Long-term follow-up study of serum immunoglobulin G and immunoglobulin A antibodies after Helicobacter pylori eradication

Abstract

Objective: There have been few studies concerning serum titers of anti-Helicobacter pylori immunoglobulin G (IgG) antibody >12 months after eradication of the original infection. Moreover, clinical usefulness of immunoglobulin A (IgA) antibody levels remains to be established. The purpose of this study was to investigate long-term responses of serum IgG-specific and IgA-specific antibodies to H pylori in children after eradication therapy.
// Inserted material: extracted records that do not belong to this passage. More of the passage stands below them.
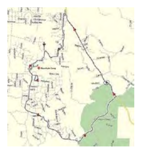
Our track log for today's exercises and our lengthy ride out to CO-9 after our training session.

hill and the tight turns in each loop of the serpentine trail that required careful throttle and clutch control as well as weight shifting to perform the turns. Thankfully, the trail was just dry dirt and not muddy! After practicing several variations of the exercises on that course and the small hills for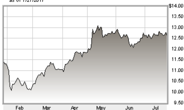
CALLAWAY GOLF CO as of 7/27/2017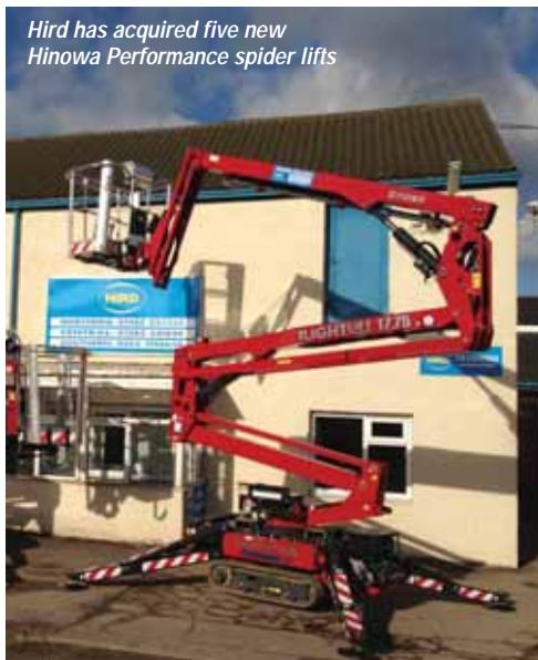
Hird has acquired five new Hinowa Performance spider lifts

Böcker's truck mounted range consists of six machines with lifting heights between 28 and 44 metres and lift capacities from 1.2 to six tonnes. Its five model trailer crane range offers lift heights from 25 to 34 metres with capacities from 800kg to 1.8 tonnes. Kranlyft will also provide parts and support service for new and existing machines.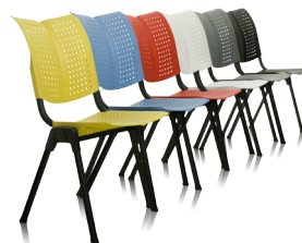
HÅG Conventio Wing 9811 in 6 different colours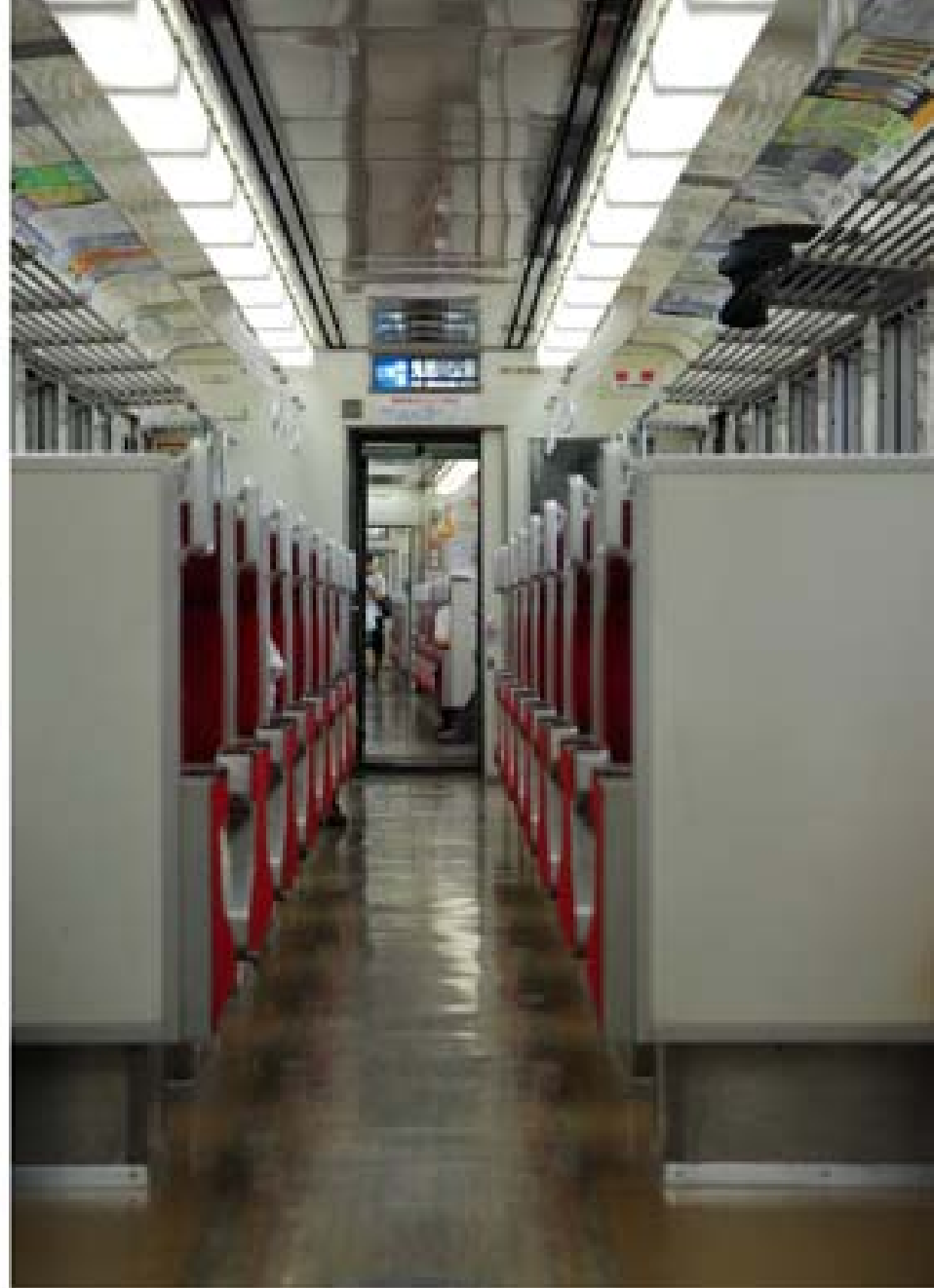
"Em caso de... 3"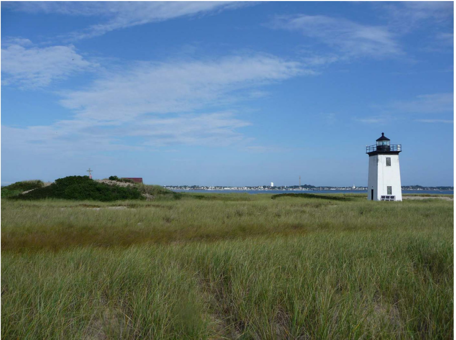
Beach grass & lighthouse with Provincetown in the distance.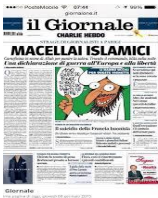
“Il Giornale”, 8 January 2015

http://www.liberoquotidiano.it/news/editoriali/11848405/Belpietro--Bastardi-islamici.html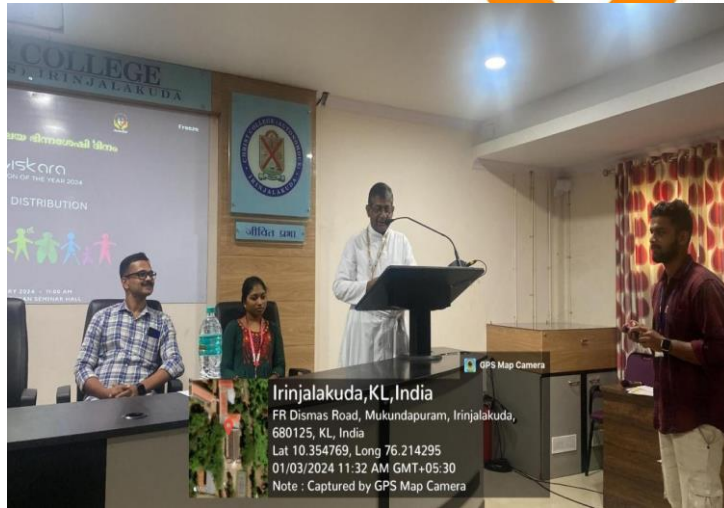
Irinjalakuda, KL, India FR Dismas Road, Mukundapuram, Irinjalakuda, 680125, KL, India Lat 10.354769, Long 76.214295 01/03/2024 11:32 AM GMT+05:30 Note : Captured by GPS Map Camera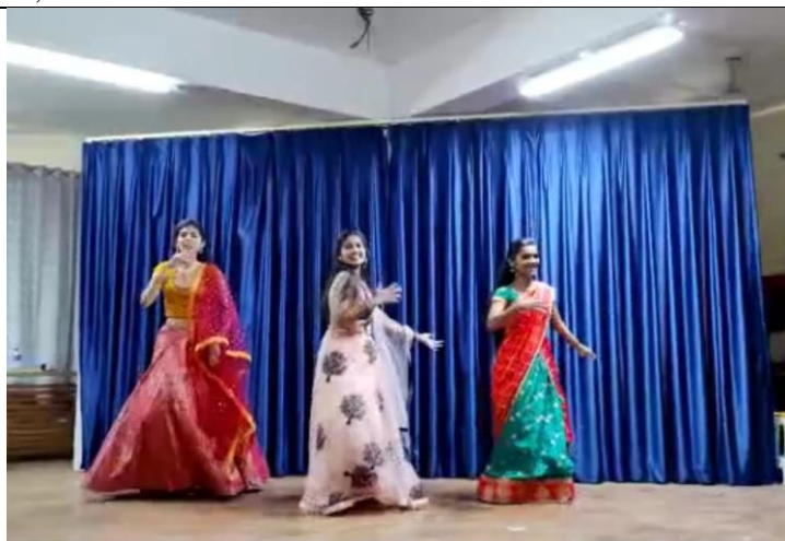
Celebrated Annual Social Gathering on 26 th to 27 th March, 2022.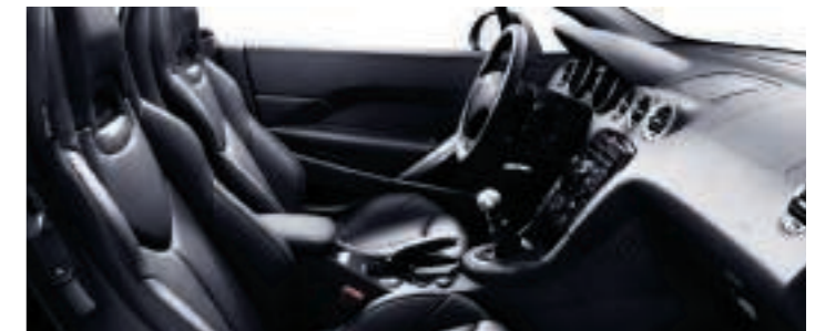
Integral Black Leather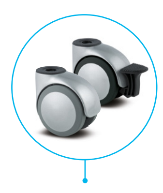
Aluminium painted version

Noise-reducing soft wheel version is made of thermoplastic rubber. Hard wheel version, with a polyamide tread, also available.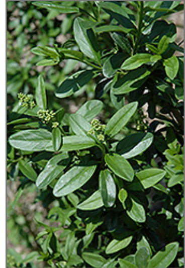
California Privet foliage

California Privet will grow to be about 10 feet tall at maturity, with a spread of 10 feet. It has a low canopy with a typical clearance of 1 foot from the ground, and is suitable for planting under power lines. It grows at a fast rate, and under ideal conditions can be expected to live for approximately 30 years.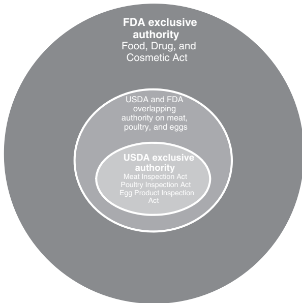
FIGURE 1.2 Overlapping statutory authorities.

and Drug Administration is responsible for all meats considered “exotic,” including venison and buffalo (see Figure 1.2).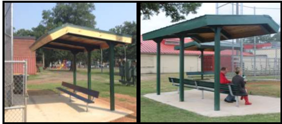
After dugouts were built at two of the fields.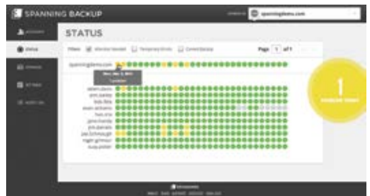
Finally - honest status updates you can trust.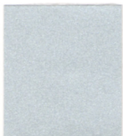
ANODIC CLEAR PVDF 2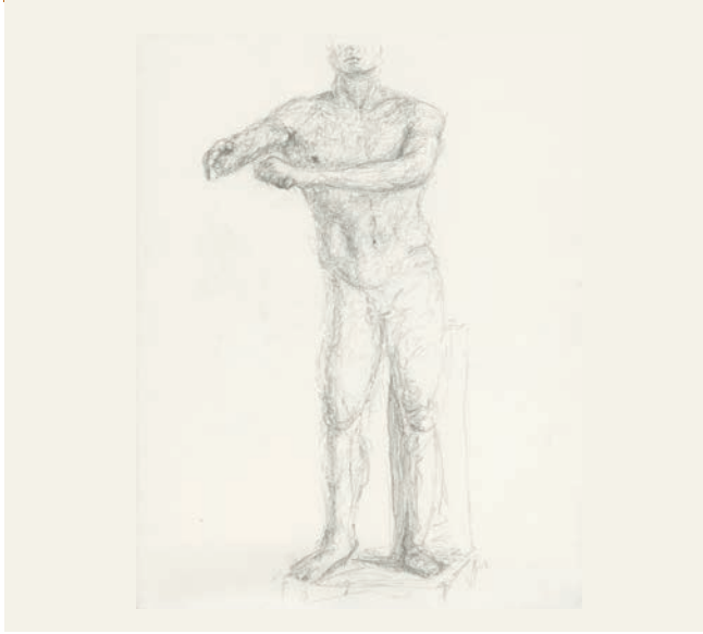
Nicholas Beck drawing

Study design: A total of 34 children, 2 to 17 years of age (mean: 11.7 years) with H pylori-associated gastroduodenal disease received eradication therapy (proton pump inhibitor-based dual or triple regimens). Diagnoses included nodular gastritis (n = 8), gastric ulcer (n = 7), and duodenal ulcer (n = 19). Upper gastrointestinal endoscopy and biopsy were performed before the therapy and at 1 to 2 months' posttreatment. H pylori infection and eradication were defined by biopsy-based tests; eradication was successful in 28 patients and unsuccessful in 6. Pretreatment IgG was positive in 30 patients (88. 2%), and the IgA was positive in 31 (91.2%), who were entered into this study (duration </=24 months). Serum samples were obtained before treatment and at 1, 3, 6, 12, 18, and 24 months' posttreatment. IgG and IgA antibodies were measured using commercial enzyme immunoassay kits (HM-CAP and PP-CAP; Enteric Products, Inc, New York, NY).

Results: Compared with pretreatment values, IgG and IgA antibodies significantly and steadily decreased at 1 through 24 months' posttreatment in successfully treated patients. A decrease in titer of the IgA class was significantly greater than that of the IgG class at 1 to 12 months' follow-up. There was no significant decrease in titer of either antibody in all but 2 patients with eradication failure. A >/=30% decrease in titer of the IgA antibody at 6 months indicated eradication with sensitivity of 90.5% and specificity of 100%. For the IgG antibody, a 30% decrease at 12 months showed equal sensitivity and specificity. Seroreversion rates of IgG and IgA antibodies were 53% and 48% at 12 months and were 86% and 81% at 24 months, respectively. The mean periods from the completion of eradication therapy to seroreversion of IgG and IgA antibodies were 11.2 +/- 7.0 and 11.6 +/- 7.8 months, respectively (not significantly different). A higher pretreatment titer of IgG antibody was related to a longer period of seroreversion (r = 0.44). In one patient, (13)C-urea breath test-confirmed reinfection was accompanied by reappearance of significant titers of the IgG and IgA antibodies.

Conclusions: A serology test is useful for evaluating eradication in children. Approximately half of patients with successful eradication remained to be IgG-seropositive and IgA-seropositive at 12 months' posttreatment. When a decrease titer in antibody is used for assessing eradication, an endpoint of >/=6 months is required. The IgA antibody may be a more convenient indicator of H pylori status than is the IgG antibody.